Le document observe que l’hybridation lexicale, le ‘collage’ de mots pour évoquer du contenu lié à partir d’un système de synthèse d’images, peut également être réalisée dans une seule langue, en utilisant des mots portemanteau.
Evocative Prompting
L’approche d’invocation évoquée dans le document dépend de l’évocation d’une réponse plus large du système avec des mots qui ne sont pas strictement basés sur des sous-mots ou des sous-jetons ou des étiquettes partagées.
Un type d’invocation évoquée est le pseudolatin, qui peut, entre autres usages, générer des images de médicaments fictifs, même sans spécification que DALL-E 2 doit récupérer le concept de ‘médicament’ :
L’invocation évoquée fonctionne également particulièrement bien avec des invites de nonsense qui se rapportent largement à des emplacements géographiques possibles, et fonctionne de manière assez fiable à travers les différentes architectures de DALL-E 2 et DALL-E Mini :

Les mots utilisés pour ces invites à DALL-E 2 et DALL-E Mini sont résonants de noms réels, mais sont en eux-mêmes des absurdités.
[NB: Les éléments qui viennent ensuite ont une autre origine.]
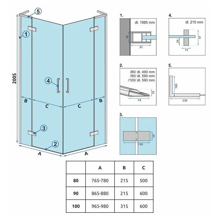 Kabina Hugo Rea K6608 ma wymiary 80x80 cm i wysokość 200,5 cm, co sprawia, że doskonale pasuje do kompaktowych łazienek. Kwadratowy kształt i szkło hartowane o grubości 6 mm zapewniają bezpieczeństwo i trwałość.
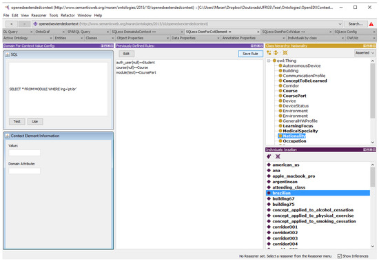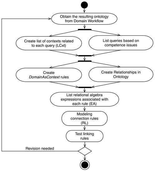 - Test linking rules: After the definition of the linking rules by the modeler, the set of defined rules and the network of ontologies generated in the process are serialized in a DB instance. In this step, the modeled rules are tested. In this testing step, rules are tested only in terms of syntax and semantics. These tests are done through contexts of interest, entered manually, and verification of the return of the queries by the domain expert.

Néanmoins, les systèmes ont ‘capturé l’atmosphère’ des mots.
Il semble y avoir un certain chevauchement entre la macaronic prompting et l’invocation évoquée. Le document déclare :
‘Il semble que les différences dans les données de formation, la taille du modèle et l’architecture du modèle puissent causer des différences dans la façon dont les modèles analysent les invites comme voiscellpajaraux et eidelucertlagarzard, soit de manière ‘macaronique’ soit de manière ‘évoquée’, même lorsque ces modèles sont prouvés pour être sensibles aux deux méthodes d’invocation.’
Le document conclut :
‘Alors que diverses propriétés de ces modèles – y compris la taille, l’architecture, la procédure de tokenization et les données de formation – peuvent influencer leur vulnérabilité aux attaques adverses basées sur le texte, les preuves préliminaires discutées dans ce travail suggèrent que certaines de ces attaques peuvent néanmoins fonctionner de manière assez fiable à travers les modèles.’
L’obstacle le plus important à la véritable expérimentation autour de ces méthodes est le risque d’être signalé et banni par le système hôte. DALL-E 2 nécessite un numéro de téléphone associé à chaque compte utilisateur, limitant le nombre de ‘comptes jetables’ qui seraient probablement nécessaires pour véritablement tester les limites de ce type de piratage lexical, en termes de contournement des méthodes de modération existantes. Actuellement, la principale garantie de DALL-E 2 reste la volatilité de l’accès.
Publié pour la première fois le 9 août 2022.